By Peter Mulira
Businesses in Africa are increasingly opting for foreign companies and private equity firms to raise both capital and technical expertise for their development needs. This is majorly due to the high cost of investment funds in most of the countries. Although this trend has shown positive impact in the area of job creation and transfer of skills, the downside is that foreign direct investment (FDI) can lead to foreign domination of local businesses. Most of these foreign companies have the advantage of accessing favorable investment loans with low interest rates of between 3 to 5% as opposed to local interest rates which, for instance in Uganda, range between 24 to 30% per annum.

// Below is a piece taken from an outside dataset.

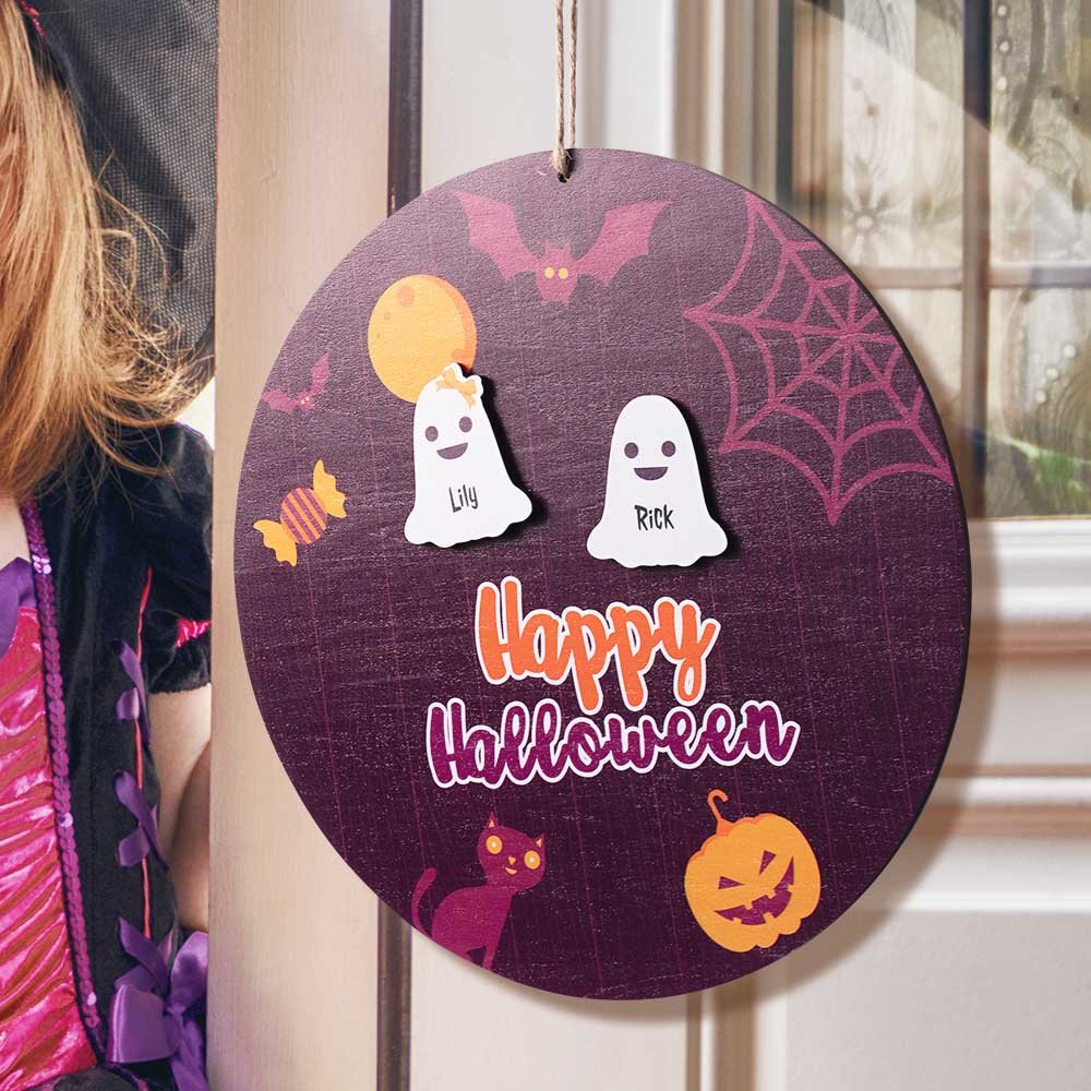• Lovely Design: Our Halloween door sign features the shape of round sign, which is combined by different elements of Halloween, such as ghost, bat and pumpkin, and different patterns, looking more interesting and funny. The Halloween wooden signs can be engraved family name on ghost, it looks adorable and very suitable for Halloween.

The benefits accruing to the companies that have accessed funding and technical expertise from foreign joint ventures and foreign private equity firms are evident. However, Africans in the Diaspora are increasingly transferring resources, knowledge and ideas to their home countries and integrating them in the global economy. These remittances and technical knowledge/experience can be an alternative source of capital to drive African economies to middle and upper income status. Various reports from Bank of Uganda indicate that from 2015 to 2016, Ugandans in the Diaspora remitted over one billion US dollars back home.

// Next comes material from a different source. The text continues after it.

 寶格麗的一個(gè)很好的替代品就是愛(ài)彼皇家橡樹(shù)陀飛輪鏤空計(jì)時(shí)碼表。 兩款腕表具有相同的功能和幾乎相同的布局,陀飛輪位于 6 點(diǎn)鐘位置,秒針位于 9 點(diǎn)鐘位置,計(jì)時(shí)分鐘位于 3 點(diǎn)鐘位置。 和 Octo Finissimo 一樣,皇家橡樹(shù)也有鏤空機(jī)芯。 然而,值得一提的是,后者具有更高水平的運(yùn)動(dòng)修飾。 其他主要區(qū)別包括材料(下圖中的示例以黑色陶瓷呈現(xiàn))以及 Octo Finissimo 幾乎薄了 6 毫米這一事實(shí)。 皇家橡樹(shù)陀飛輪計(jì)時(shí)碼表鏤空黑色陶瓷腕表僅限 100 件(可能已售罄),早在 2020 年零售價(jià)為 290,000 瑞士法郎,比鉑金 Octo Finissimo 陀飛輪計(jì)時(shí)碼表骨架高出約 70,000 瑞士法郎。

The African Union (AU) describes the African Diaspora as comprising ‘peoples of African origin living outside the continent, irrespective of their citizenship and nationality and who are willing to contribute to the development of the continent and the building of the African Union’. Africans in the Diaspora hold substantial financial assets beyond their income; in savings and retirement accounts, as well as property. There is therefore a need to establish a sustainable program aimed at tapping into private equity, donations, joint ventures or strategic partnerships from Africans in the Diaspora to contribute to the development of their home countries.

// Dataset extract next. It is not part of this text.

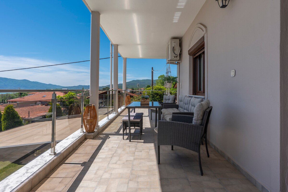 Teach compordach geal atá foirfe do theaghlaigh, do lánúineacha nó do ghrúpaí cairde, agus atá foirfe chun scíth a ligean tar éis lá ag an trá. Tá sé suite achar gairid ar shiúl—3 nóiméad ar shiúl na gcos—ón bhfarraige, i gceantar ciúin atá timpeallaithe ag crainn agus ag an dúlra. Níl Asprovalta, atá foirfe do spaisteoireacht tráthnóna, ach 10 nóiméad ar shiúl, agus níl tránna Kavala ach 15 nóiméad ar shiúl. Tá clós príobháideach ag an réadmhaoin ina bhfuil spás páirceála agus gairdín ina bhfuil crainn agus plandaí. Baineann aíonna taitneamh as rochtain leanúnach ar an idirlíon tapa freisin

Their participation in the development of the economy requires an enabling business climate. It is incumbent upon the African economies to establish concrete and formalized institutional linkages that are aimed towards sustainable and productive cooperation between the various actors involved in the fields of migration (national and international) and economic development. These may include forums or platforms for information sharing, ranging from simple websites, large-scale conferences to crowd funding platforms. Such an enabling environment enables countries to benefit from their large and successful Diaspora communities. Developing networks is crucial for deepening communication and building strong partnerships between the Diaspora and professional communities at home. This will help elevate the quantity and quality of global knowledge circulation in the home country.
Regulatory reforms geared at encouraging Diaspora investment, like the relaxation of legal barriers and capital flow restrictions faced by Diaspora when investing in home country business opportunities and in the property market. Investments will be encouraged by improvements in global rankings regarding reduced perceptions of corruption, improvement of the business environment, good practice governance and the quality of institutions.
The constant development of the financial services sector in Africa, and in this case Uganda, is encouraging remittance flows. There is access to wider financial services that has been made possible by enhancing the integrity of money transfer systems, improving the infrastructure of domestic and cross boarder payments, implementing policy reforms, technical improvements and regulatory changes. When all these developments are sustained and the African in the Diaspora are able to see the tangible results of their remittances, the flow of remittances will undoubtedly increase, giving African economies the least costly alternative to the much needed investment funds, especially for domestic investment.